Généralement considéré comme pays en développement, ces pays localisés habituellement dans l’hémisphère sud de notre planète, sont caractérisés par à fort potentiel de croissance, qui participe d’une réduction de la pauvreté avec la naissance d’une classe moyenne en augmentation exponentielle et qui booste l’économie. Le développement d’un tel pays devient autoentretenu du fait d’un marché intérieur en essor permanent qui tire sa dynamique d’une demande intérieur importante.

Les inquiétudes habituellement occasionnées par tout phénomène nouveau, sont ici amplifiées par des changements qui aujourd’hui donnent un visage polycentrique au monde moderne actuel.

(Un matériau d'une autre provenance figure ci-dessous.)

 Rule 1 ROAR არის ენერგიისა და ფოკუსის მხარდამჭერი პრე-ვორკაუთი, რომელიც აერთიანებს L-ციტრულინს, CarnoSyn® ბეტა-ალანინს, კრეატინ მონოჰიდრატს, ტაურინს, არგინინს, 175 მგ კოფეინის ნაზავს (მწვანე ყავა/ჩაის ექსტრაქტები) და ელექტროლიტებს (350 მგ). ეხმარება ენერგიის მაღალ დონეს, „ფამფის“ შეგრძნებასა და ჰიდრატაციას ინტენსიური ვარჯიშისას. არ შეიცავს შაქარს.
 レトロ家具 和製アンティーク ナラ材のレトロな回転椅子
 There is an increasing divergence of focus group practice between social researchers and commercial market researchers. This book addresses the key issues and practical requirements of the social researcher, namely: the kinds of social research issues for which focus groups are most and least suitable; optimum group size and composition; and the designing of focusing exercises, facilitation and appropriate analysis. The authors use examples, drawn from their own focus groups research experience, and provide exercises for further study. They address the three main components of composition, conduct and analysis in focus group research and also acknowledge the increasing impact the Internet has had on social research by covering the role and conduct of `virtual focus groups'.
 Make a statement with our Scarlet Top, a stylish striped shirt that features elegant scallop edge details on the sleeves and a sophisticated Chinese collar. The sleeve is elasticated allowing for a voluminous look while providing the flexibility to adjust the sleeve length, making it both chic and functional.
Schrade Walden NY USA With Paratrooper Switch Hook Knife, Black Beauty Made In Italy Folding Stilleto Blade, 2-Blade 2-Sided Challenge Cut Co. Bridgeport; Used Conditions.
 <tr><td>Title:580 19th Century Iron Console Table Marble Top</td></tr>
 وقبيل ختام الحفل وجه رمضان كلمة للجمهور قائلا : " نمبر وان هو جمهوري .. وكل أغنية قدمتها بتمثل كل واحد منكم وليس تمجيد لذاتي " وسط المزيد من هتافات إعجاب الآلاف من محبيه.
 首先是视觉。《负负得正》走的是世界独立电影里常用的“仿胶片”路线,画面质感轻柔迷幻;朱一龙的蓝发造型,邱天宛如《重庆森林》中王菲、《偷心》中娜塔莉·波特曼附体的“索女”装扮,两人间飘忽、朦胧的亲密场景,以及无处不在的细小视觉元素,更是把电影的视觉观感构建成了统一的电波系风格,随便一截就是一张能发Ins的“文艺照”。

Prenons l’exemple des échanges économiques internationaux, selon la Conférence des Nations Unies sur le Commerce et le Développement (CNUCED) dans son rapport annuel pour 2014. Les chiffres dévoilés à partir des études macro-économiques, nous présentent une économie effectivement dominée par les pays émergents, où l’écart entre l’Asie et l’Afrique malheureusement se creuse chaque jour un peu plus.

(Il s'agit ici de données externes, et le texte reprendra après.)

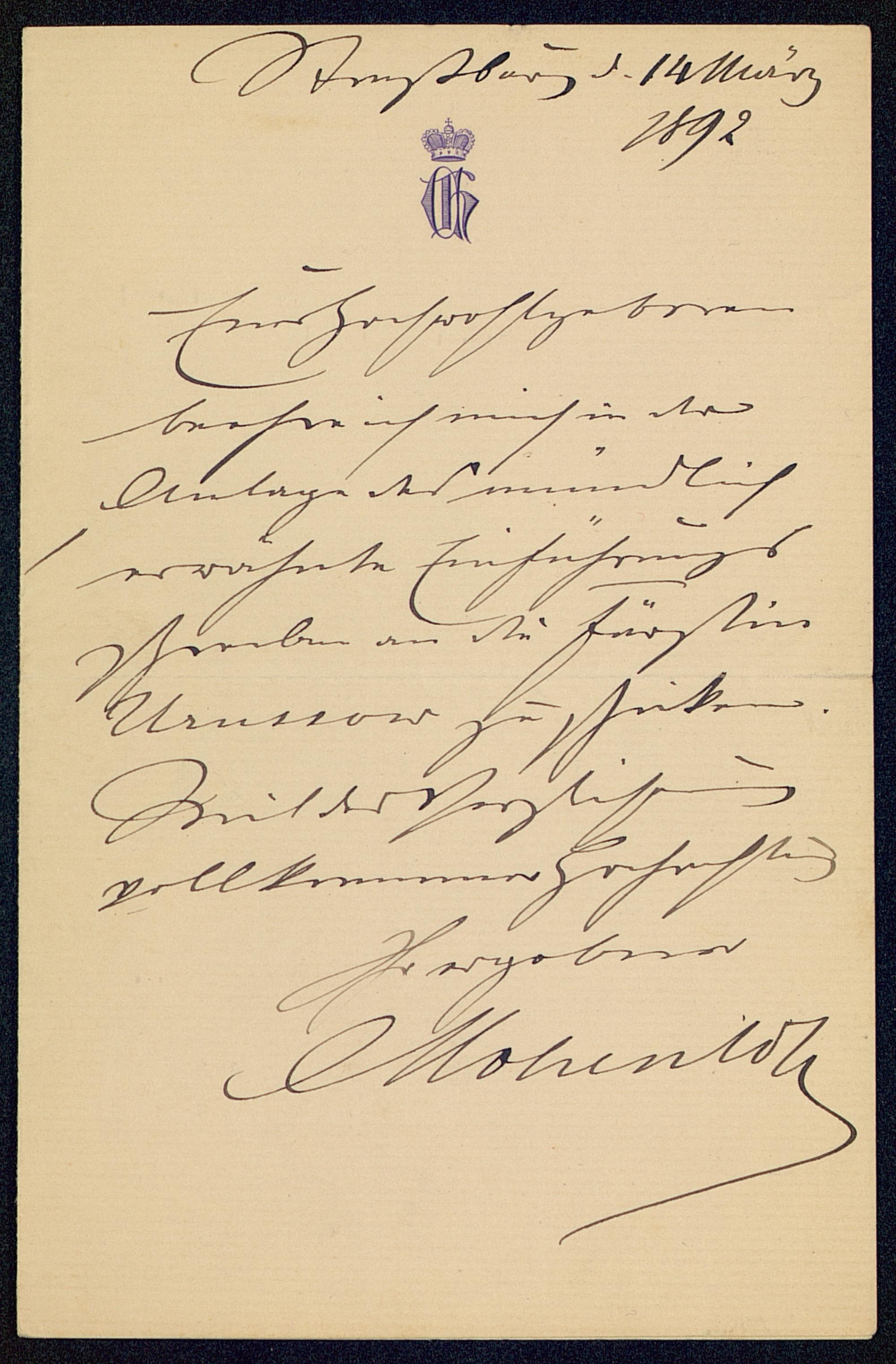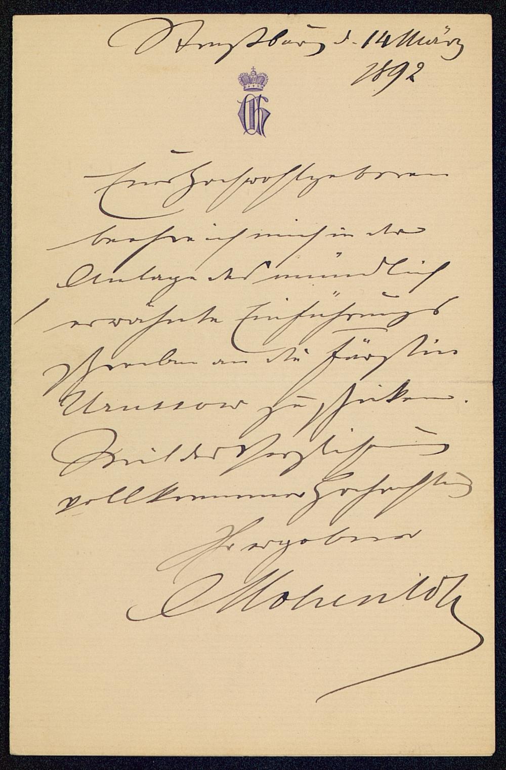 [MS 111 - Brief Hohenlohe-Schillingsfürsts an Schulze-Gävernitz]

En Afrique, cette montée en puissance amène avec elle de réels motifs d’inquiétude. L’une des révélations de l’étude de la CENUCED fait état de ce que jusqu’en 2014, une grande partie des pays en voie de développement l’Afrique y compris, ont subit une forme de rejet. Certes un contexte géopolitique défavorable pourrait expliquer ce qui se passe réellement, mais si l’Afrique subsaharienne a quelque peu résisté comparativement à l’Afrique du nord, d’une manière générale, le continent attire de moins en moins de capitaux. Le contexte actuel, explique pour l’essentiel la situation, occasionnée par le terrorisme, les tensions de l’Islam extrémiste et autres revendications sociopolitiques. Or, parmi les pays émergents, se trouvent en bonne place des puissances économiques, industrielles et financières en parfaite rupture avec les leviers de contrôles traditionnels de la France qui ont permis jusqu’à présent à l’Afrique de se concentrer sur l’essentiel. Avec les pays émergents, très agressifs en Afrique, la liberté d’expression, la démocratie, le soutien en direction de la société civile pour la lutte contre la pauvreté n’apparaissent pas souvent en tête de liste des conditionnalités qui, habituellement figure sur les feuilles de route des financements octroyés.

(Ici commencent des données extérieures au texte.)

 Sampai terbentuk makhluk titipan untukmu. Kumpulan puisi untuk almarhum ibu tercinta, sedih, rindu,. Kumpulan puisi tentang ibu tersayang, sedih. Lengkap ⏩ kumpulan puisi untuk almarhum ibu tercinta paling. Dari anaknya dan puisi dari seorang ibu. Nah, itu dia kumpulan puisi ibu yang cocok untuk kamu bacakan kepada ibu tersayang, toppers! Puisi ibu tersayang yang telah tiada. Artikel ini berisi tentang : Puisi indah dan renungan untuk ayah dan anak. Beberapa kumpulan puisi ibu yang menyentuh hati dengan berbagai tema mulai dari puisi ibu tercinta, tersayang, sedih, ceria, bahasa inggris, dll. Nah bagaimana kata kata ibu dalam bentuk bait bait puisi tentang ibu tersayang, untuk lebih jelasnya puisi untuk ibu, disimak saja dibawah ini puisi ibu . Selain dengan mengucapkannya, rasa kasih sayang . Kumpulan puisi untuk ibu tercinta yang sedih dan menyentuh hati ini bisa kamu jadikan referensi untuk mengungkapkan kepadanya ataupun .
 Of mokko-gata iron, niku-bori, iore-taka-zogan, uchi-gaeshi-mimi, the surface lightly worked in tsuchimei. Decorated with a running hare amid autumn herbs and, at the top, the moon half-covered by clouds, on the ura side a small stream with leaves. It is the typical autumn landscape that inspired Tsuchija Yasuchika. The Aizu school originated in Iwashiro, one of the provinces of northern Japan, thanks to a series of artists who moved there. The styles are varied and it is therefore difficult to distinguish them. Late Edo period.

Avec des exportations de plus en plus agressives, les pays émergents forts des excédents commerciaux engrangés, se font des revenus colossaux à l’instar de la Chine avec ses 3000 milliards de dollars de réserves. Avec ce bas de laine, la Chine peut s’offrir et obtenir des pans entiers de l’économie des pays africains. Cela va des concessions minières et forestières, aux licences de pêches, en passant par des contrats publics.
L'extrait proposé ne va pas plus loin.